Dataset section =
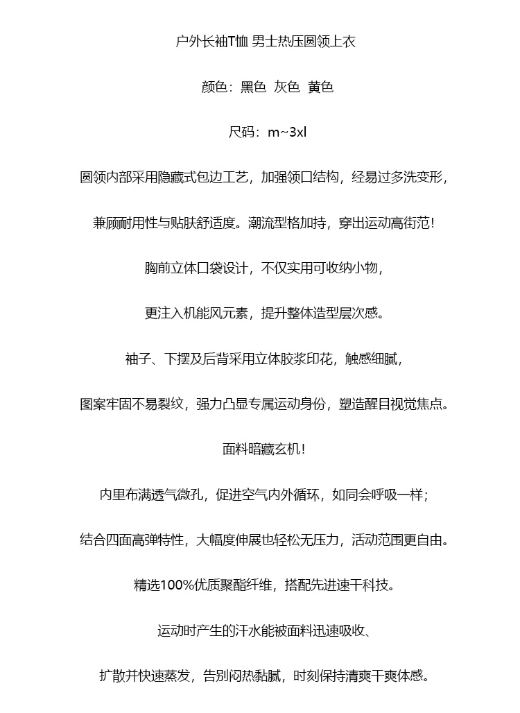 【ss1】男子户外休闲热压圆领长袖T恤!!
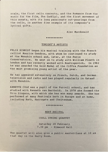 London and has recently worked with Rostropovich. In 1982
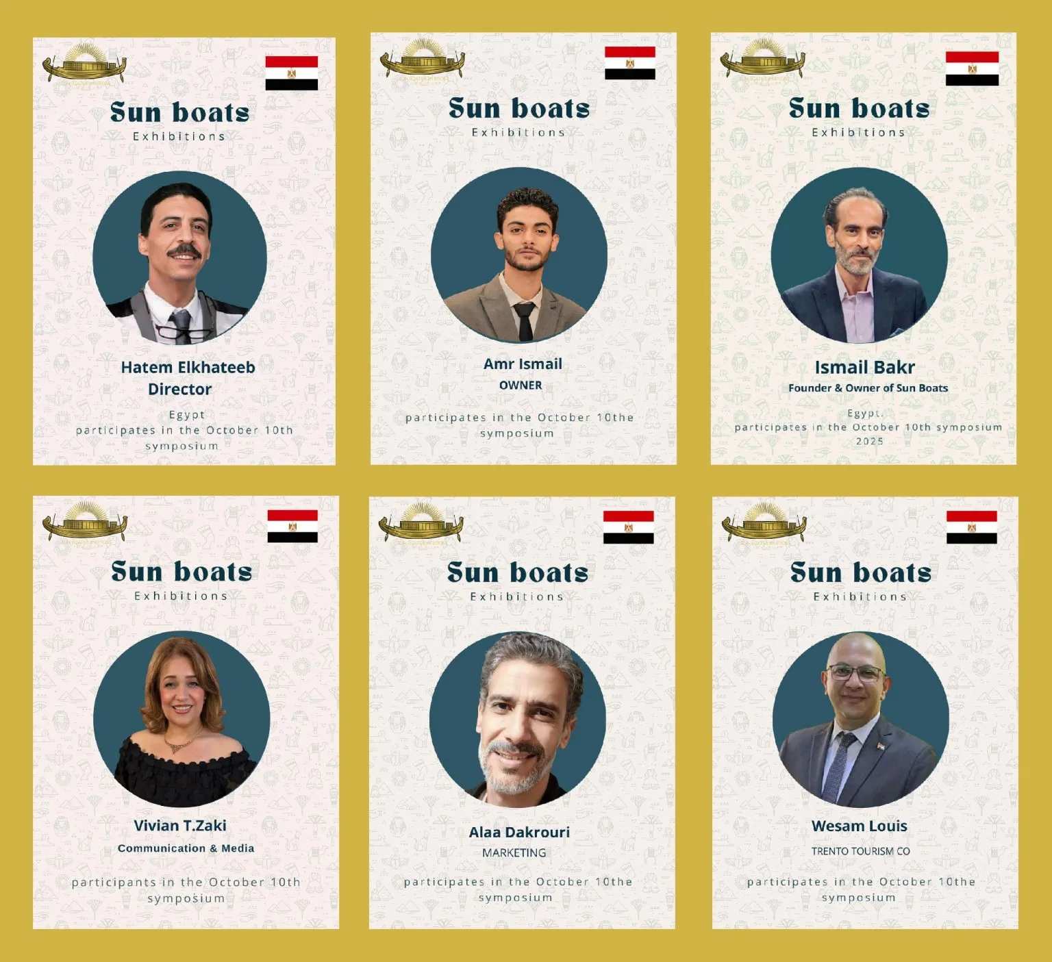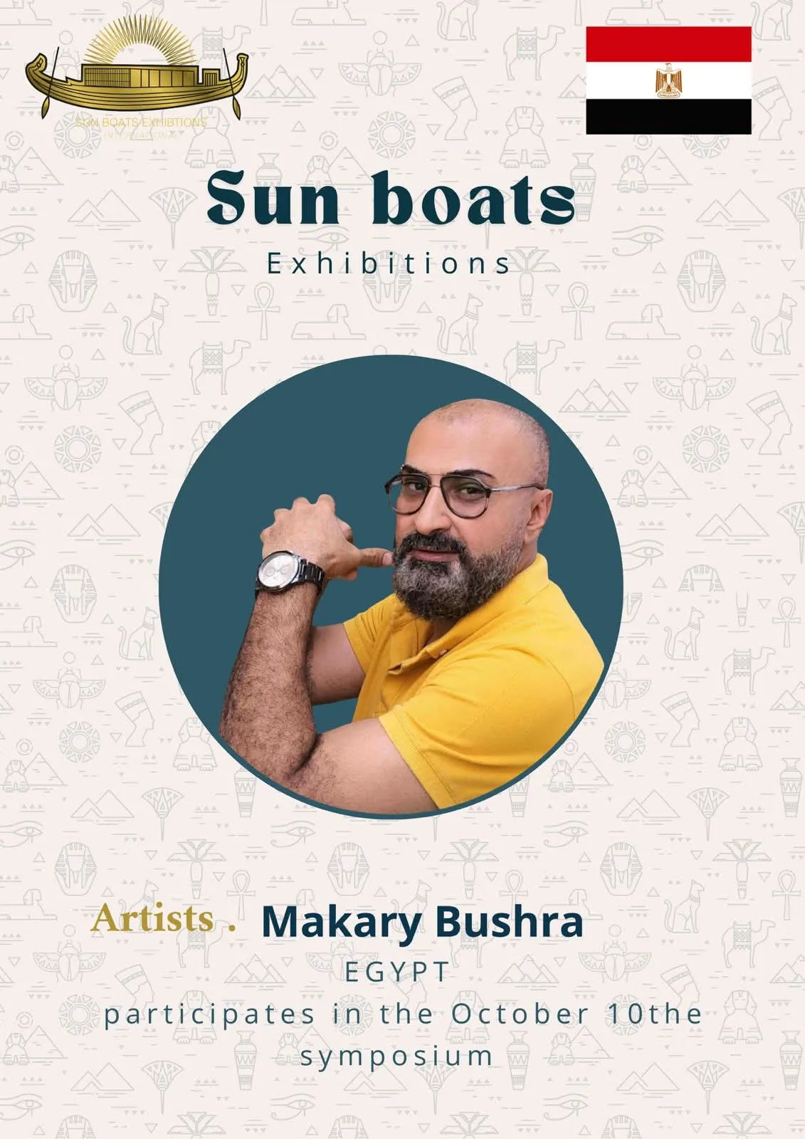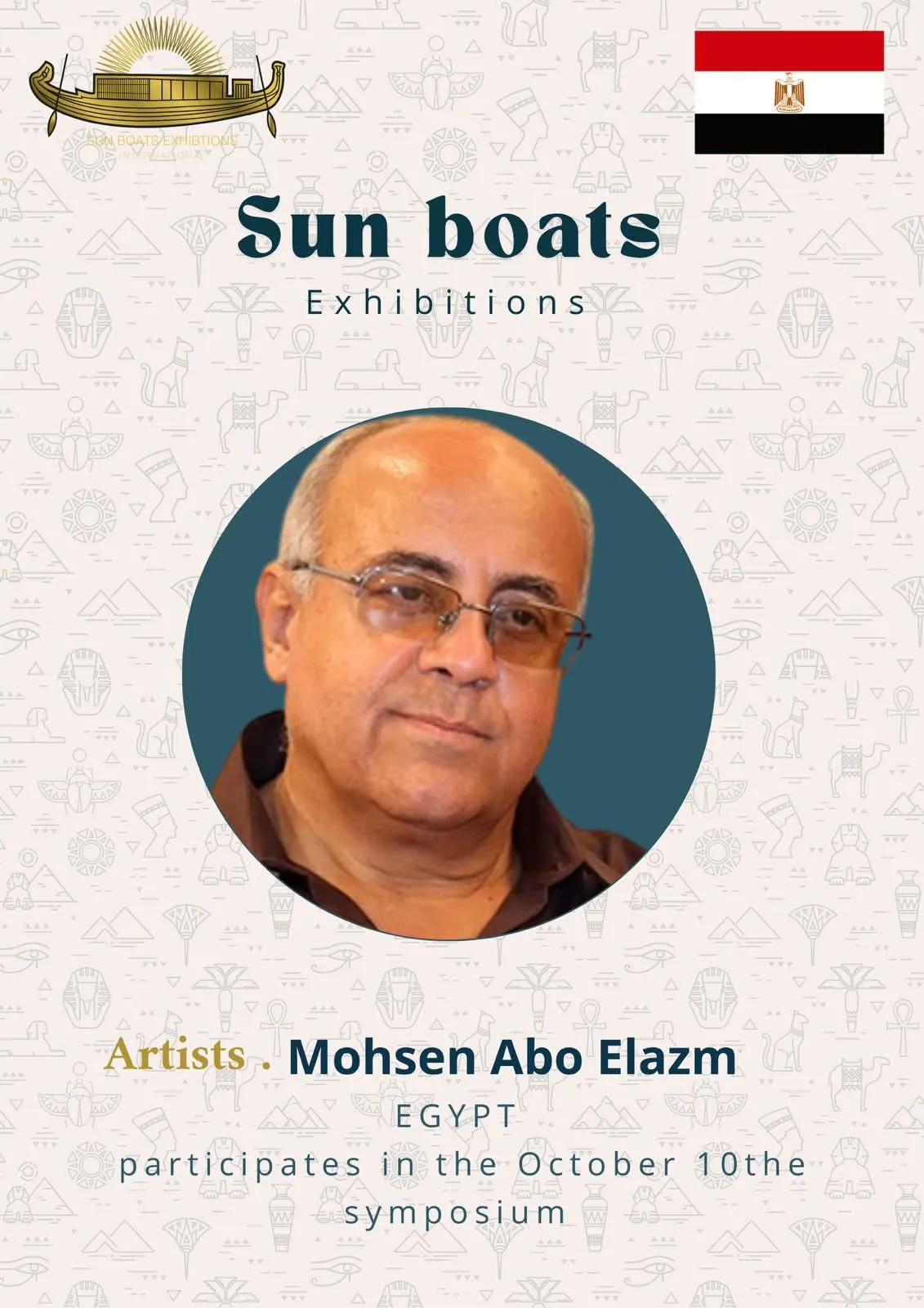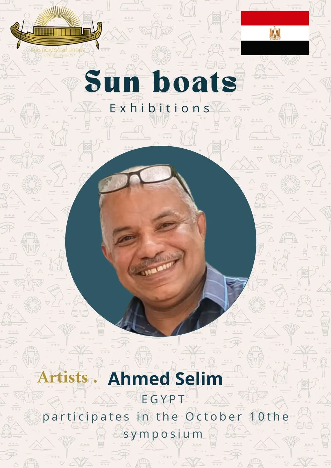 We are delighted and honored to welcome the talented artists from around the world to participate in the 5th Sun Boats International Art Symposium! Welcome to Egypt, the land of ancient civilization, artistic creativity, and inspiring history. Through this event, we aim to create a space for inspiration, exchange of experiences, and strengthening cultural connections among artists from all corners of the world The coming days will be filled with inspiring artistic encounters, innovative workshops, and exhibitions showcasing the finest artworks, offering a unique experience that reflects the diversity and elegance of creativity. We look forward to sharing your artistic stories, inspiring ideas, and creations that enrich the global art scene, and we hope this journey will be an unforgettable experience for all participating artists and visitors alike.

Exercise brief =
Take the preceding listing and transcribe it exactly, skipping the pictures.

Reply to the exercise =
 【ss1】男子户外休闲热压圆领长袖T恤!!
 London and has recently worked with Rostropovich. In 1982
 We are delighted and honored to welcome the talented artists from around the world to participate in the 5th Sun Boats International Art Symposium! Welcome to Egypt, the land of ancient civilization, artistic creativity, and inspiring history. Through this event, we aim to create a space for inspiration, exchange of experiences, and strengthening cultural connections among artists from all corners of the world The coming days will be filled with inspiring artistic encounters, innovative workshops, and exhibitions showcasing the finest artworks, offering a unique experience that reflects the diversity and elegance of creativity. We look forward to sharing your artistic stories, inspiring ideas, and creations that enrich the global art scene, and we hope this journey will be an unforgettable experience for all participating artists and visitors alike.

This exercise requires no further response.